When you have a clean java webstart cache, the webstart client will only request http://localhost/ria/lib/ria.jar?version-id=1.1.0, and the servlet will skip the first two checks for the diff-files.

tschulte commented 7 years ago

Oh, I forgot. My servlet will always deliver the .pack.gz if the jar file is not in the war. I.e. When the war contains only the .pack.gz files (usePack200 = true, which is the default), you cannot request the jar file directly. If you request http://localhost/ria/lib/ria.jar?version-id=1.1.0 or http://localhost/ria/lib/ria__V1.1.0.jar, the servlet will always deliver the pack.gz file and set the http header accordingly. This is because the servlet is designed to be used by the webstart client only, and all webstart clients IMO support pack200 and so I did not implement a check for the corresponding http request header to simplify the servlet.

mauromol commented 7 years ago

The standard JnlpDownloadServlet was made available by the maven webstart plugin: http://search.maven.org/#search%7Cgav%7C1%7Cg%3A%22org.codehaus.mojo%22%20AND%20a%3A%22webstart-jnlp-servlet%22

I saw that artifact but I was not sure about the versioning policy. Also, I'm using the default JnlpDownloadServlet taken from Java 8 samples, although I didn't check whether there is any difference from the one in the Java 7 samples.

But you can also directly request that version (e.g. http://localhost/ria/lib/ria__V1.0.0.jar).

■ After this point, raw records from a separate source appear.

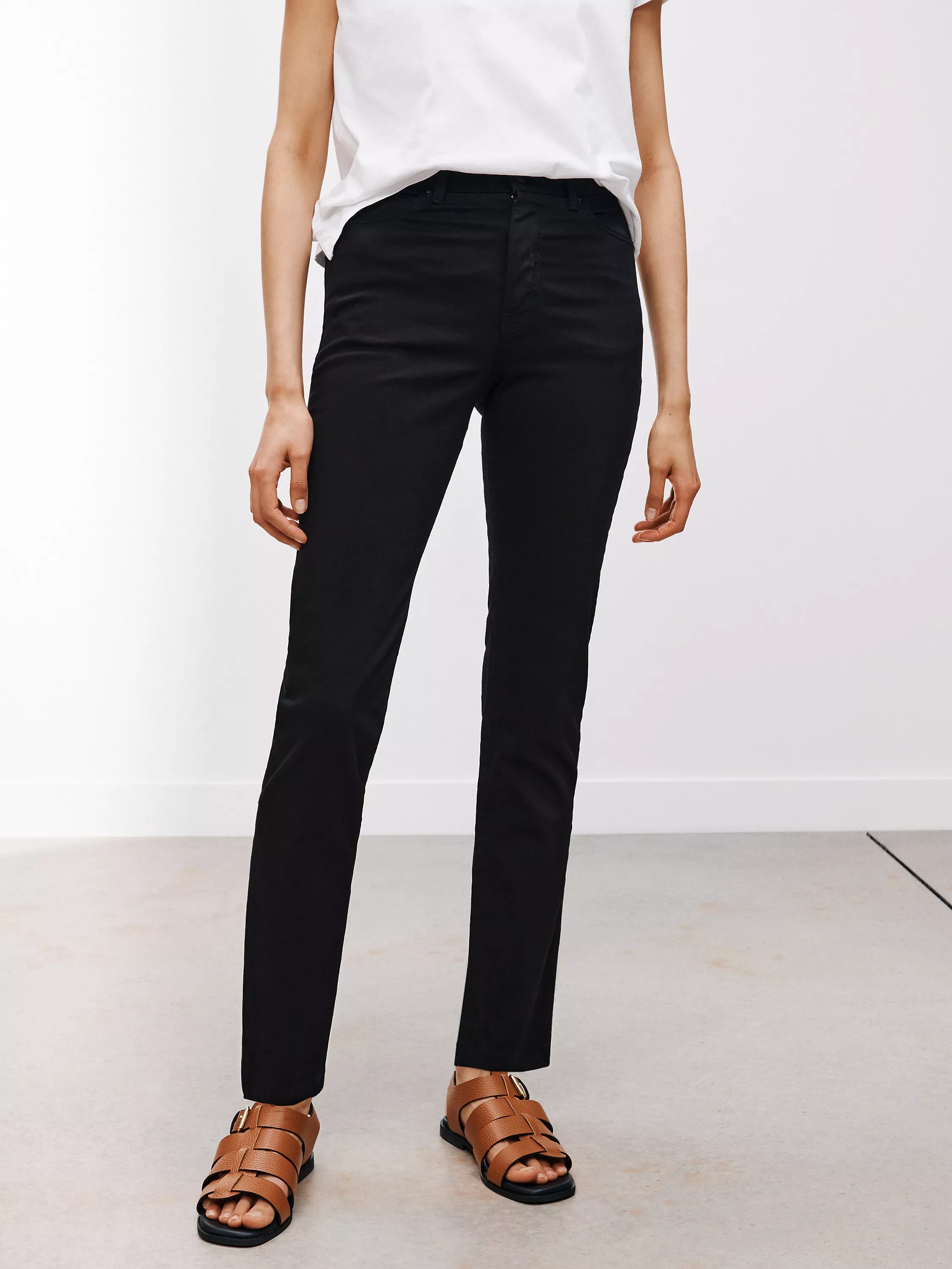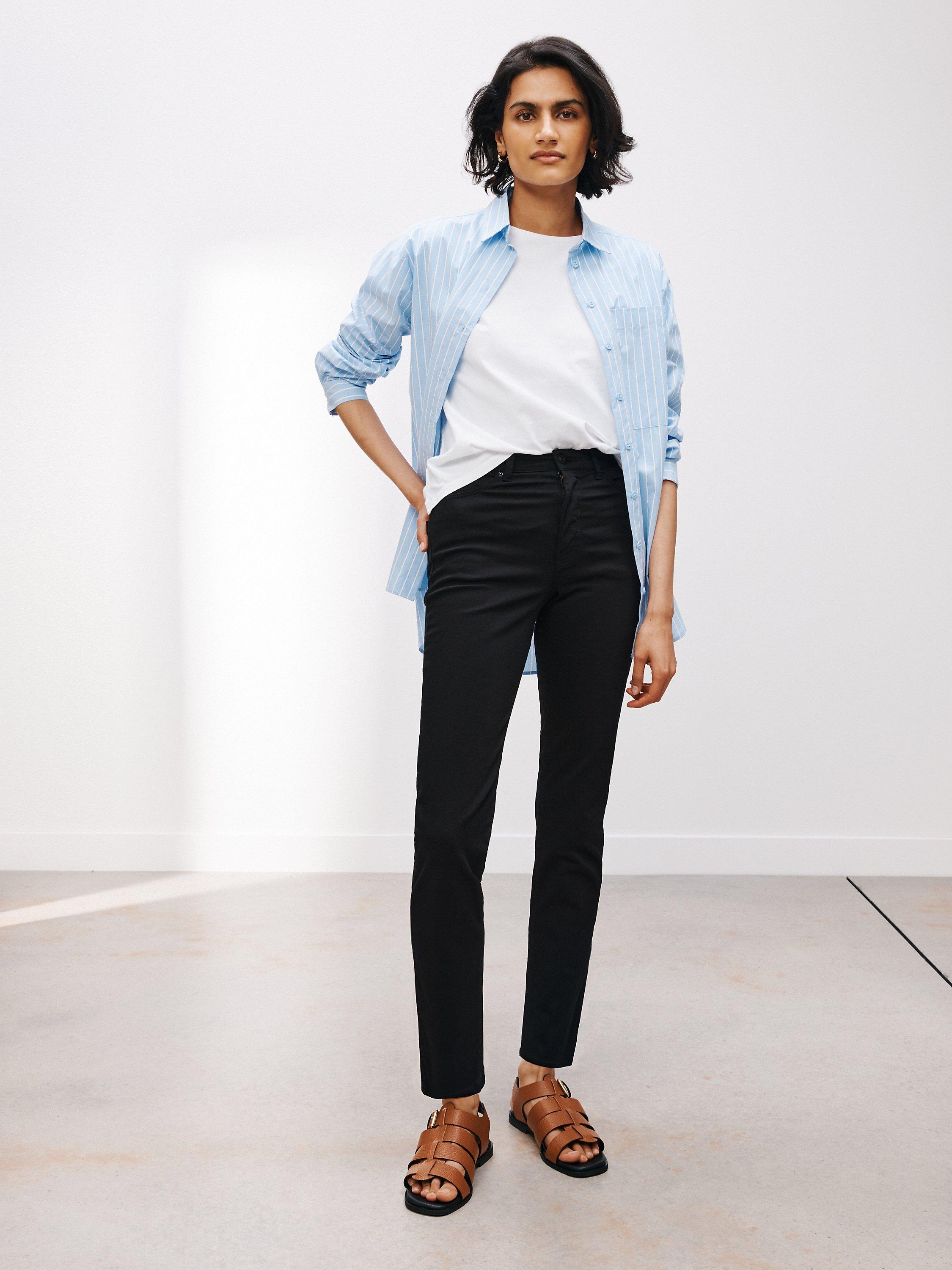 Our slim leg Jeans are made using a cotton-rich blend with a hint of stretch for added comfort throughout the day. Cut to a flattering fit, with classic five-pocket styling and a high rise - Team yours with jersey tops and seasonal knitwear for a relaxed daytime look.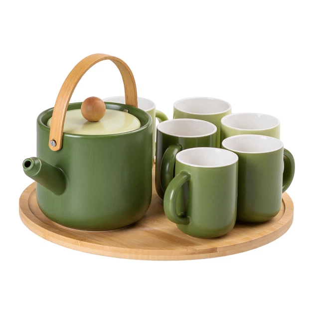 Чайний сервіз на 6 персон з бамбуковою обертовою підставкою зелений (LUG-HP-15-23)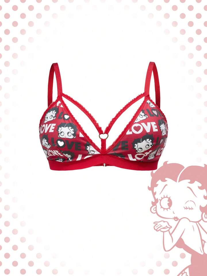 Betty Boop | ROMWE Plus Size Women Non-Wired Lace Patchwork Lingerie Bra With Letter & Figure Print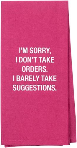 ROSE PINK COLOR: White print reads " I'M SORRY, I DON'T TAKE ORDERS. I BARELY TAKE SUGGESTIONS."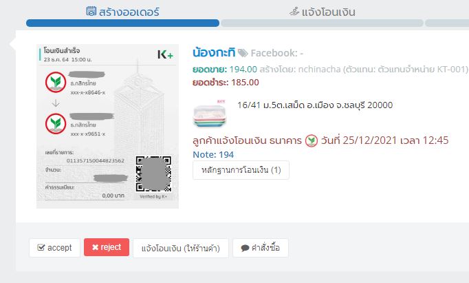 ตัวอย่างการโอนสลิปมาจากผู้ซื้อมาให้กับตัวแทนที่ขายผ่านช่องทางอื่นๆ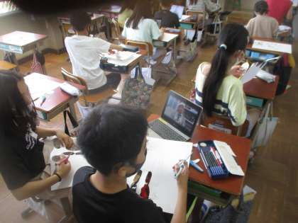 図画工作科では,動きを工夫して少しずつずらしてつなげる

So, this seems to be an improvement over the default JnlpDownloadServlet, since as I wrote in https://github.com/tschulte/gradle-jnlp-plugin/issues/45#issuecomment-320207408, that one seems to produce 404 errors when direct requests for http://localhost/ria/lib/ria__V1.0.0.jar are made...

When using useVersions = false, the jnlp will not create version attributes in the jnlp file. Intead it will directly use __V1.0.0.jar in the href attribute. But since the jar is stored as __V1.0.0.jar in the war file, you cannot request it without any version information (either by using ?version-id=1.0.0 or by requesting __V1.0.0.jar).

This is clear. The problem is that, in my experience, the latter technique (requesting __V1.0.0.jar directly) does not seem to work with the default JnlpDownloadServlet. I could not debug it thoroughly because of the lack of debug information, though.

tschulte commented 7 years ago

I remember having had multiple issues with the JnlpDownloadServlet. And the code of the JnlpDownloadServlet is rather complex. That was the main reason to start from scratch. E.g. the JnlpDownloadServlet allows either using file name convention (__V1.0.0.jar) or alternatively a versions.xml file. I went with just the file name convention to make things simpler.

tschulte commented 7 years ago

Just found a text I posted on the maven webstart mailing list: http://mojo.10943.n7.nabble.com/Webstart-JnlpDownloadServlet-Jardiff-and-Pack200-td47548.html

I apparently wrote that text before implementing my own Servlet. Replacement of $$name etc. ended up in a Servlet Filter.